Nel frattempo, gli investitori che intendono impegnarsi nella vendita di perdite fiscali non dovrebbero sempre aspettare fino a dicembre, sostiene una colonna del Wall Street Journal. Una considerazione chiave è il periodo di detenzione. Se l'attesa fino a dicembre converte una perdita a breve termine (attività detenuta meno di un anno) in una perdita a lungo termine (attività detenuta per almeno un anno), il potenziale beneficio fiscale federale derivante dalla perdita diminuisce.
Per gli investitori che sono propensi a prestare attenzione a questi consigli e a vendere i perdenti in anticipo, uno sconosciuto critico è il rendimento delle azioni tra allora e la fine dell'anno. Se aumenta, la perdita fiscale diminuirà o addirittura scomparirà, ma il valore al netto delle imposte del tuo portafoglio sarà probabilmente più elevato. Se cade, è probabile che sia vero il contrario.

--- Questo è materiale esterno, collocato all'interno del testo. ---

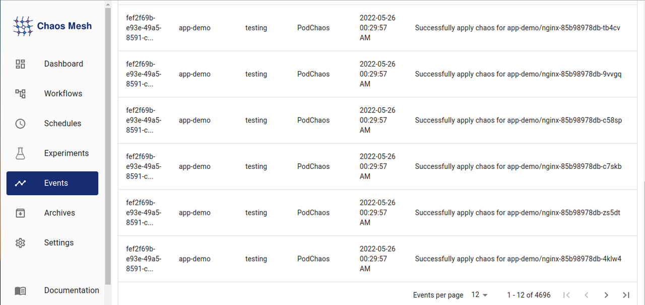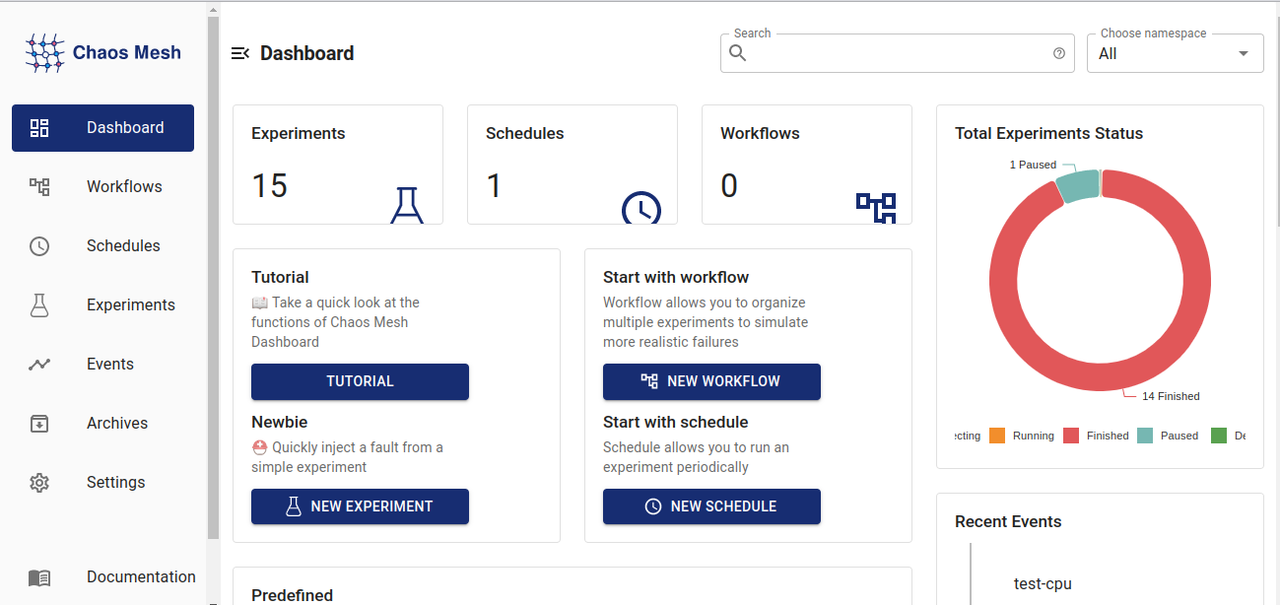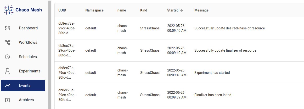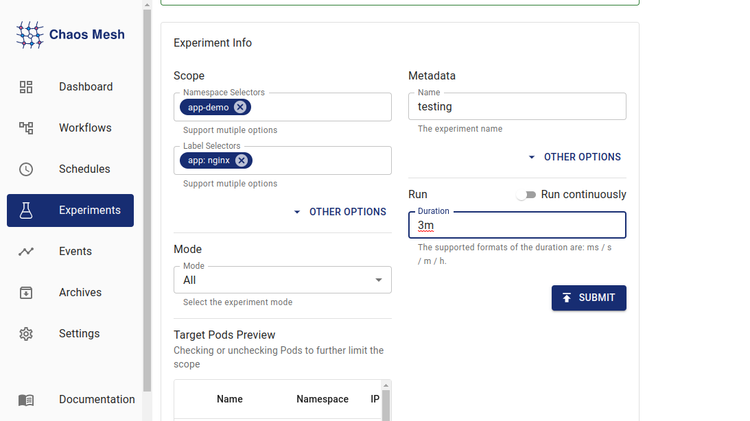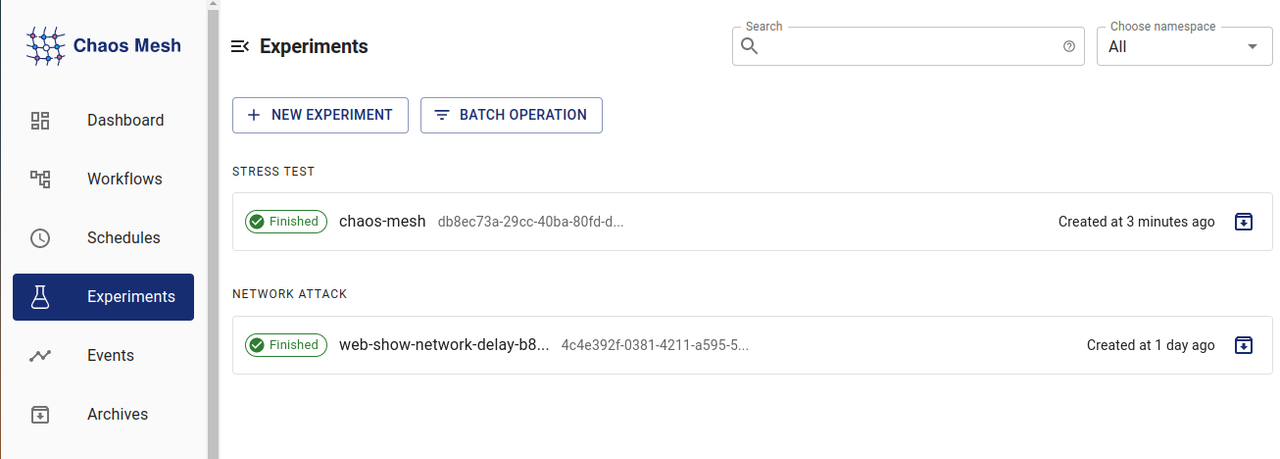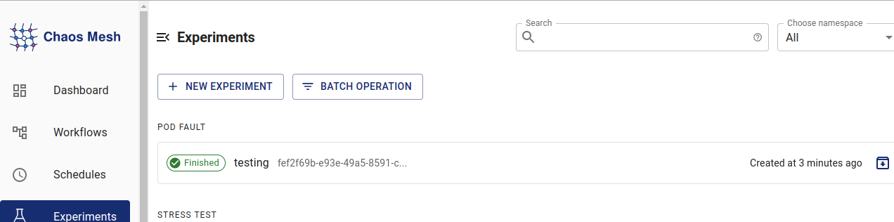 Now, go to the Chaos Mesh Dashboard and check the Experiments
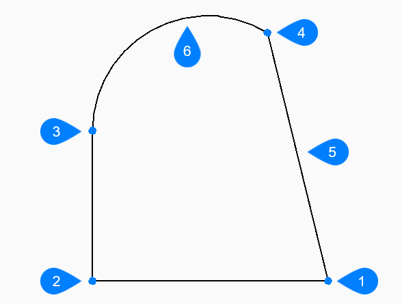 - Zeichnet Polylinien-Bogensegmente durch Angabe des Bogenendes.
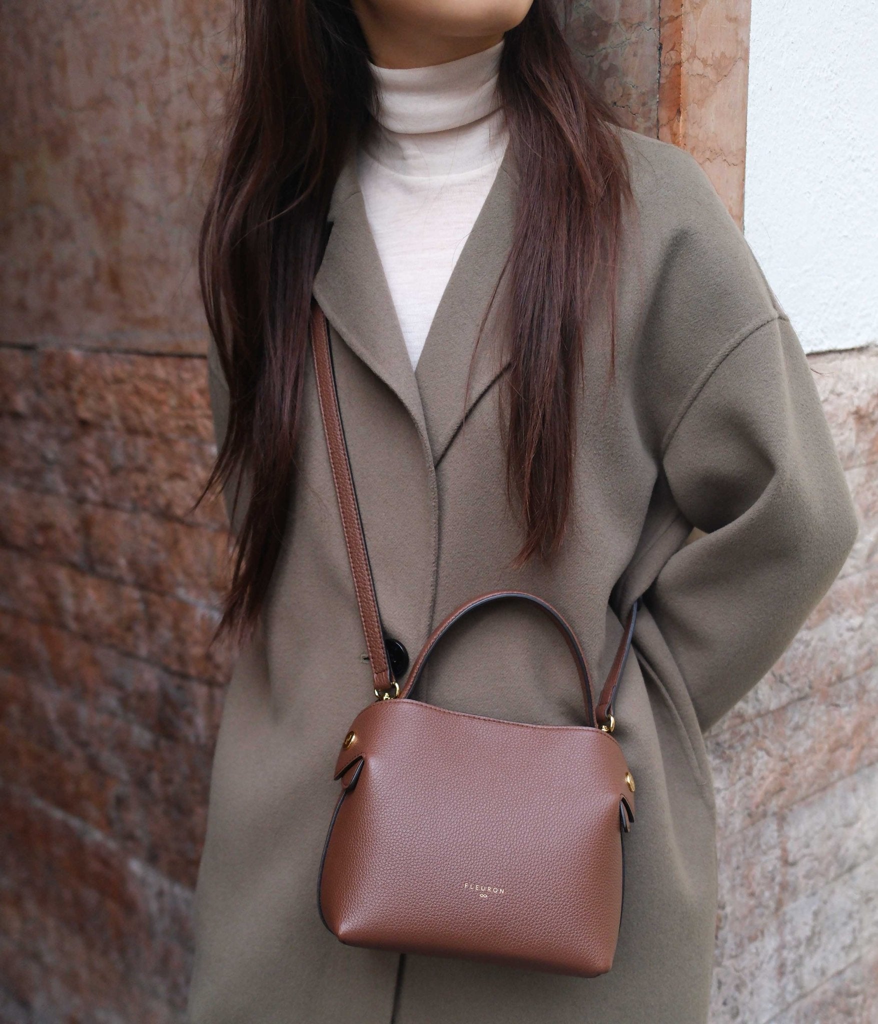 The Mini Swann in Tiramisu Grained Calfskin brings a warm, deep touch to any outfit. Its rich brown tone pairs effortlessly with neutral shades like ivory, beige, or light grey, and creates an elegant contrast with deeper hues such as camel, forest green, or midnight blue.
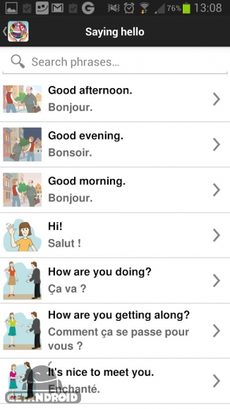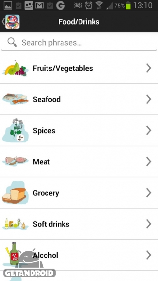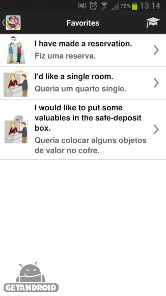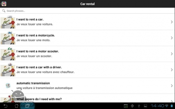 شما می توانید برای سفارش بلیط های هواپیما، رزرو کردن اتاق های هتل، بردن ماشین به تعمیرگاه و یا سفارش یک وعده غذایی در یک رستوران، بدون هیچ مهارت زبانی از Travel Interpreter استفاده کنید. بیش از 2200 عبارت و کلمه برای هر زبان شامل می شود، که همه آنها به وضوح با توجه به موضوع مربوطه طبقه بندی شده اند،
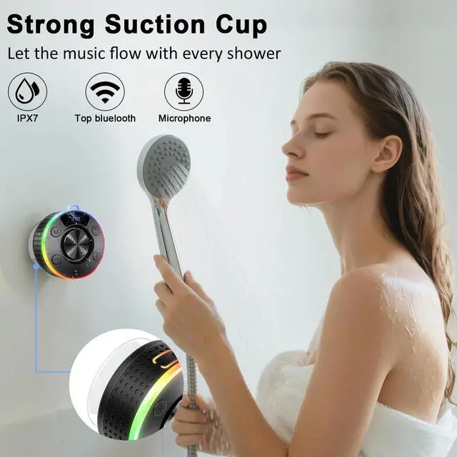 This shower speaker's waterproof rating is certified under the IEC 60529 IPX7 standard, and it maintains full functionality even under simulated short-term water immersion, offering reliable water resistance. Whether youre enjoying a relaxing shower, hosting a pool party, or listening by the beach or campsite, this portable speaker delivers stable performance and continuous playback. Its sealed casing and precision acoustic mesh effectively block water splashes, ensuring your music remains clear and consistent in any everyday environment.
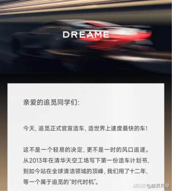 圖源:追覓官宣造車公開信截圖
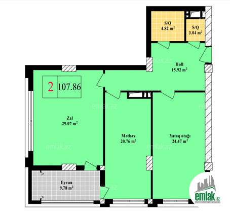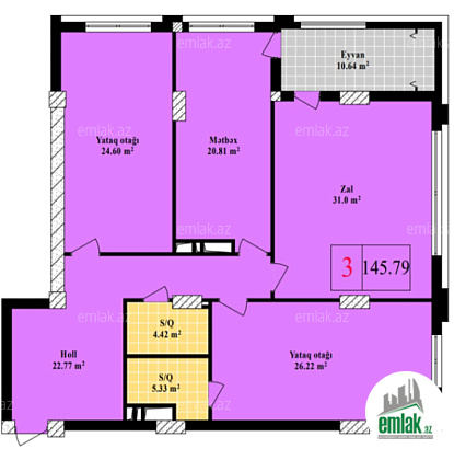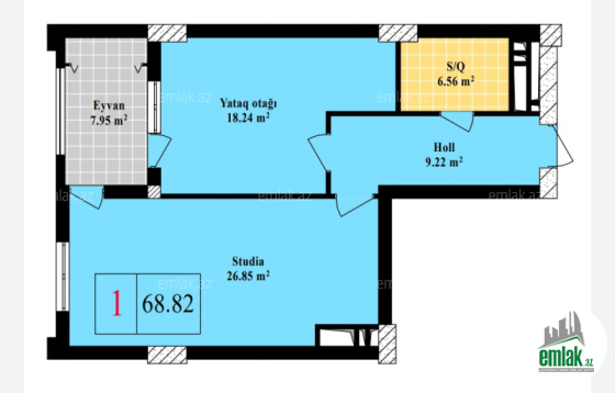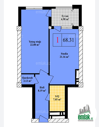 1 otaqlı sahəsi 68,31 kv.m. olan mənzil üçün
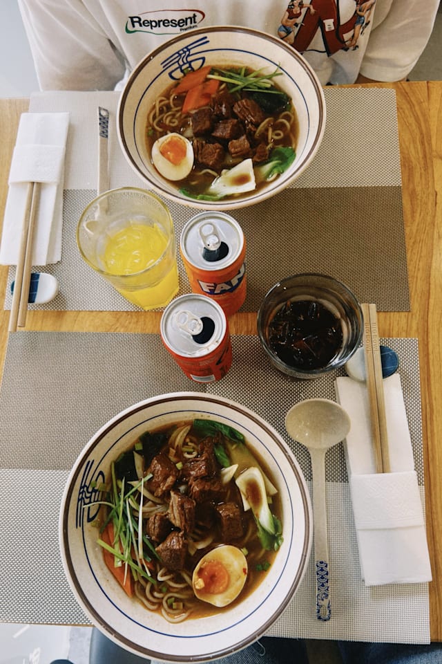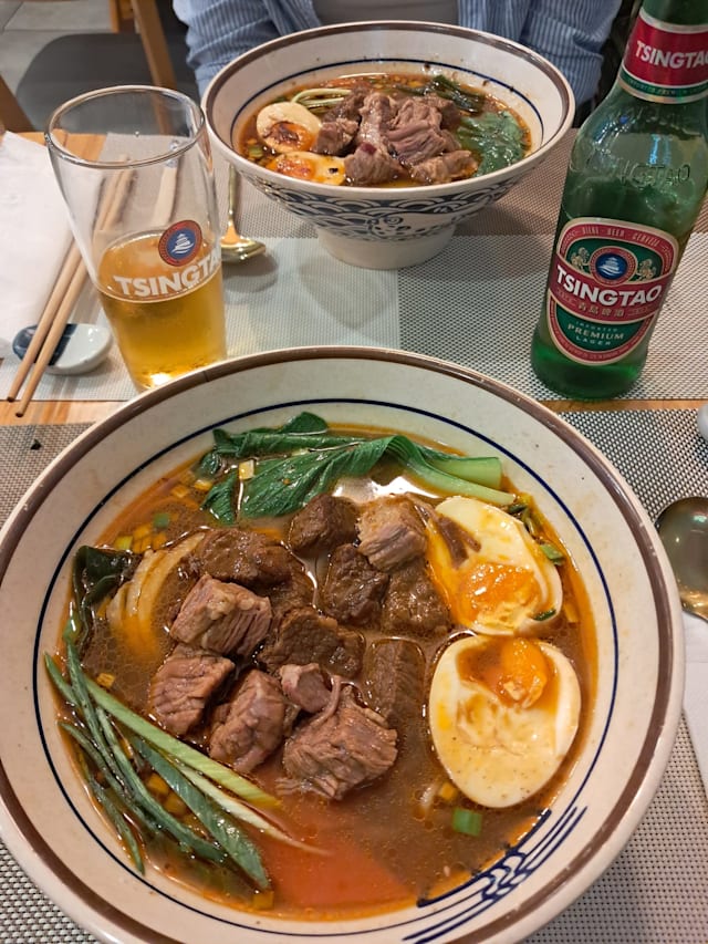 Ramen Soup Rice Noodle with slow-braised Beef Bone soup,Topped with slow cooked Beef,Onions and Fresh Herbes.
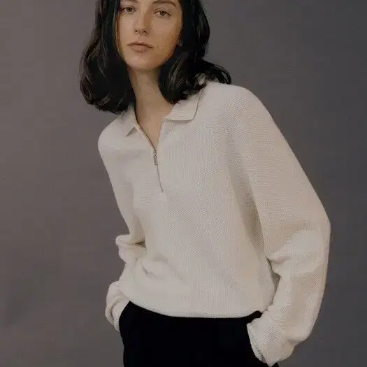 코튼 빅사이즈 오버핏 니트 골지 반집업 폴라 맨투맨

La vendita delle perdite fiscali, chiamata anche raccolta delle perdite fiscali, ha scatenato un boom di consulenti robo che offrono consulenza automatizzata su quando prenotare le perdite, riporta il Journal. I critici affermano che questi programmi spesso sopravvalutano i potenziali benefici, ad esempio supponendo che il cliente si trovi in una delle più alte fasce fiscali federali e viva in uno stato fiscale elevato. Un'altra complicazione è che alcuni stati ad alta tassazione, in particolare il New Jersey, non consentono alle perdite fiscali di essere portate avanti negli anni futuri, una grinza critica che questi programmi potrebbero ignorare.
Guardando avanti
Per quanto riguarda le potenziali azioni negoziali che possono essere create dalla vendita di perdite fiscali, vale la pena sottolineare il vecchio avvertimento del settore dei titoli sul fatto che i risultati passati non sono garanzia di risultati futuri. Per quanto riguarda la vendita di perdite fiscali, troppi investitori prendono decisioni non ottimali basate sul desiderio di minimizzare le tasse. Poiché le imposte eliminano solo una parte dei guadagni e compensano solo una parte delle perdite, in genere ha senso massimizzare gli utili e minimizzare le perdite.